En pocos minutos, una pantalla de ordenador en el estudio se iluminó con varios ángulos de imágenes de cámaras de seguridad en directo del Hospital Claridad. Revisó las imágenes y enseguida encontró a su madre. Había atravesado los pasillos principales, había utilizado los ascensores y se encontraba en la puerta del despacho del director.
«Pero, ¿por qué estaba mamá siendo arrastrada por unos hombres de negro cuando salió del despacho del Señor Jacobo?». El joven enarcó las cejas.
Mientras tanto, en el Hotel Hilton, Alexandra no dejó de luchar ni un solo momento desde que salió del hospital. Sin embargo, por mucho que luchara, no era rival para los fornidos hombres de negro. Al final, todavía la llevaron a la suite del ático y la metieron dentro.
—¡Ríndete! Nunca te voy a diagnosticar. —Eso fue lo primero que salió de su boca cuando por fin la liberaron. En lugar de admirar el lujoso interior de la suite, se frotó las muñecas con hosquedad. Sebastián no le dijo nada. Desde el lado opuesto del ridículo salón tan grande, salió una pequeña figura.
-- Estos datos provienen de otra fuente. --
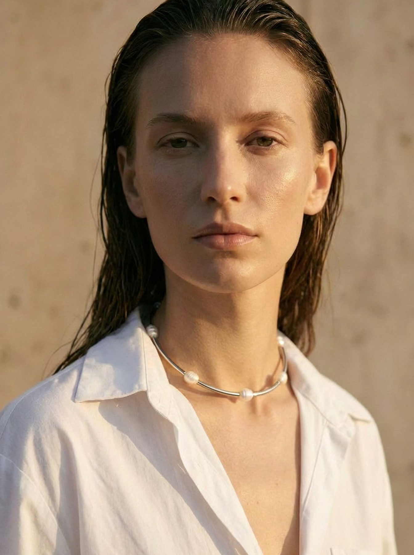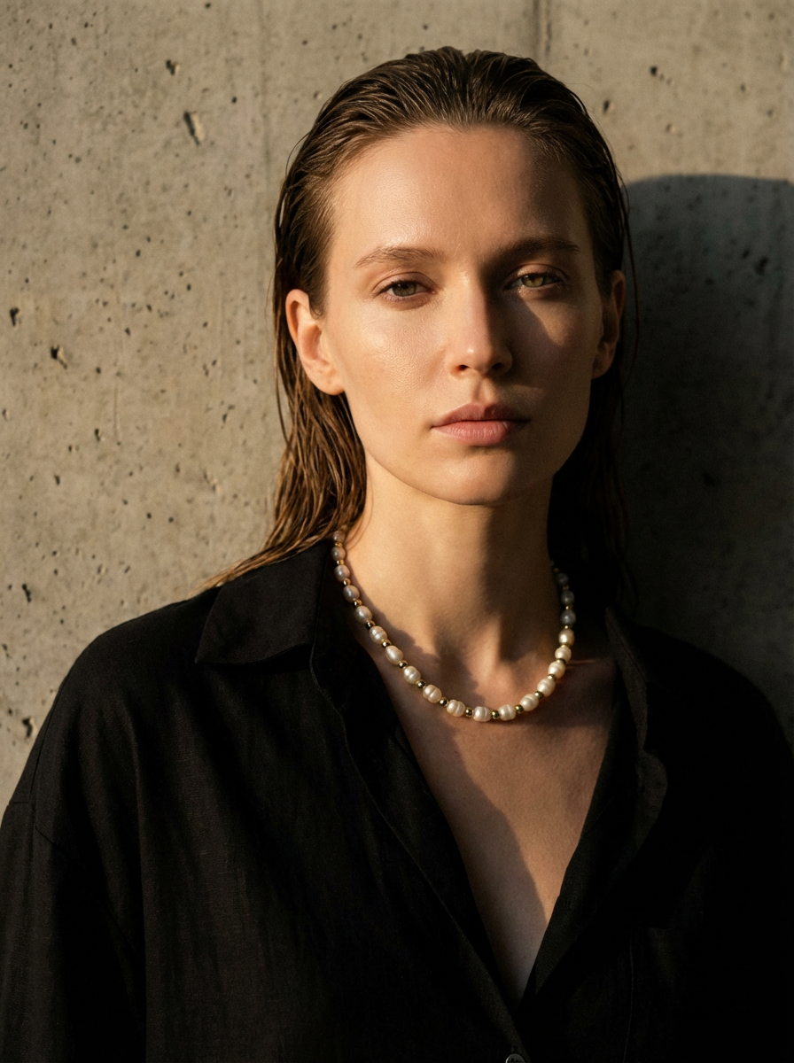 Чокер из натурального черного жемчуга c фурнитурой из серебра 925 пробы

—¿Estás en casa? Hoy cancelaron mi orientación en el jardín de niños porque llegaste treinta y ocho minutos tarde. —Era un niño que se parecía inquietantemente a Sebastián. Con una expresión estoica en su rostro infantil, su aura fría era un calco de la de este último. Lo más extraño era que incluso su forma de hablar sonaba justo igual que la del imbécil que acababa de secuestrarla. A Alexandra le robó la capacidad de pensar. Sebastián la ignoró y le dijo paciente a su hijo:
—He estado un poco ocupado esta mañana, así que hubo un ligero retraso. Te lo compensaré la próxima vez, ¿vale?
Juan le dirigió una mirada inexpresiva.
—¿Tú también violas siempre los términos cuando firmas de los contratos en el trabajo? —Mientras ambos adultos se quedaban sin palabras, uno por el enfado y el otro por pura impresión, la mirada de Juan se posó en Alexandra—. ¿Quién es ella?
De repente, el corazón se le subió a la garganta. Lo único que podía oír era la sangre que corría por sus oídos mientras todo su cuerpo temblaba.